- [SUPPLIED INFORMATION]:
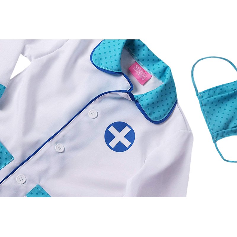 StoryBook Wishes Toddler Doctor Coat & Face Mask for Toddler Doctor Costume | Toddler Doctor Dress Up | Blue and White - For Ages 4-6
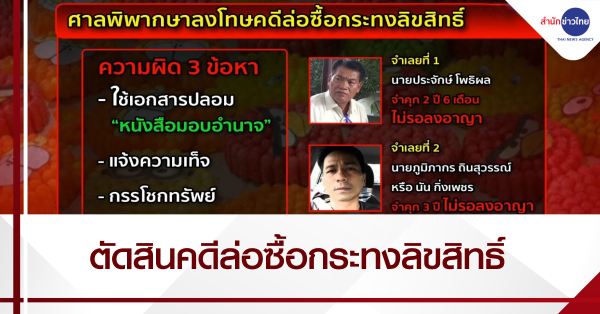 นครราชสีมา 28 ต.ค. – คดีกรรโชกทรัพย์เด็กหญิงวัย 15 ปี โดยล่อซื้อกระทงลิขสิทธิ์ ที่ จ.นครราชสีมา วันนี้ ศาลชั้นต้นพิพากษาจำคุกจำเลยทั้ง 2 คน โดยไม่รอลงอาญา ขณะที่จำเลยทั้งสองยื่นหลักทรัพย์ขอประกันตัวสู้คดีในชั้นอุทธรณ์
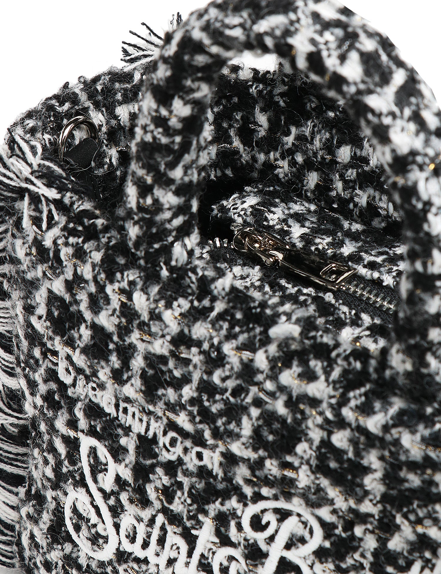 Logo ricamato, dettaglio frange
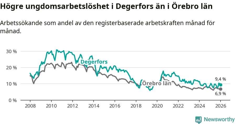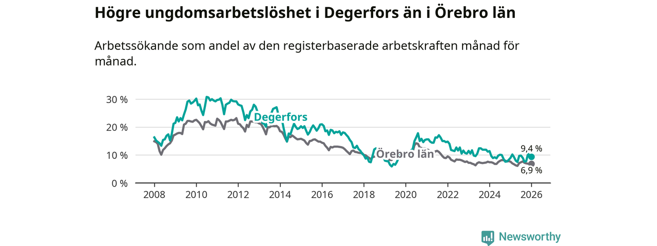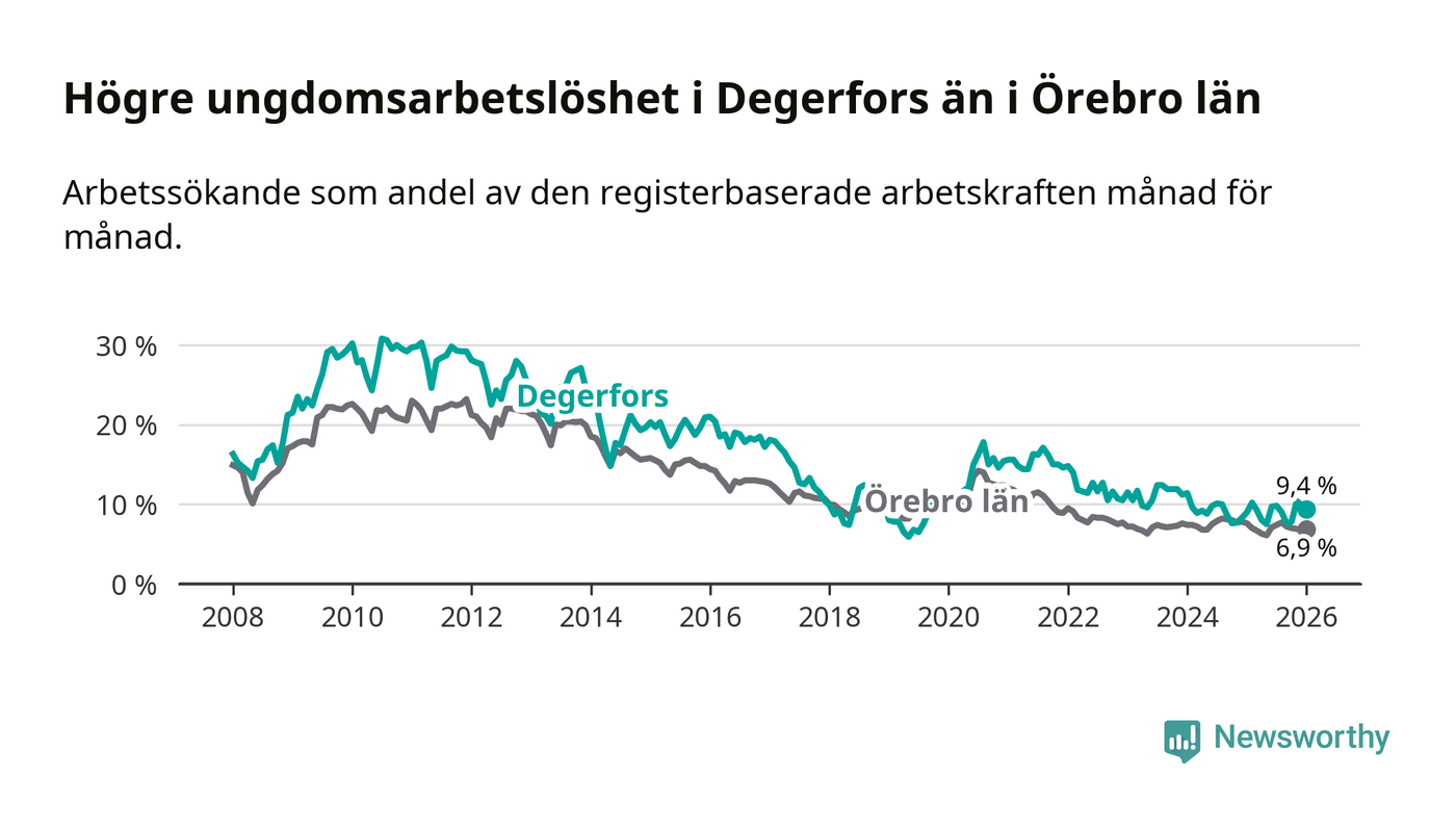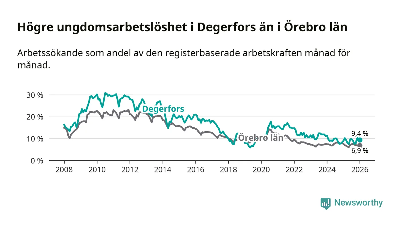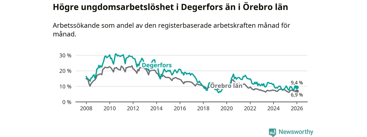 Precis som den totala arbetslösheten ligger ungdomsarbetslösheten i Degerfors högre än i Örebro som helhet. Skillnaden mellan kommunen och länet är 2,5 procentenheter.

- [WHAT YOU ARE ASKED TO DO]: Output the data exactly. Leave every picture out.

- [PROBLEM SOLUTION]:
 StoryBook Wishes Toddler Doctor Coat & Face Mask for Toddler Doctor Costume | Toddler Doctor Dress Up | Blue and White - For Ages 4-6
 นครราชสีมา 28 ต.ค. – คดีกรรโชกทรัพย์เด็กหญิงวัย 15 ปี โดยล่อซื้อกระทงลิขสิทธิ์ ที่ จ.นครราชสีมา วันนี้ ศาลชั้นต้นพิพากษาจำคุกจำเลยทั้ง 2 คน โดยไม่รอลงอาญา ขณะที่จำเลยทั้งสองยื่นหลักทรัพย์ขอประกันตัวสู้คดีในชั้นอุทธรณ์
 Logo ricamato, dettaglio frange
 Precis som den totala arbetslösheten ligger ungdomsarbetslösheten i Degerfors högre än i Örebro som helhet. Skillnaden mellan kommunen och länet är 2,5 procentenheter.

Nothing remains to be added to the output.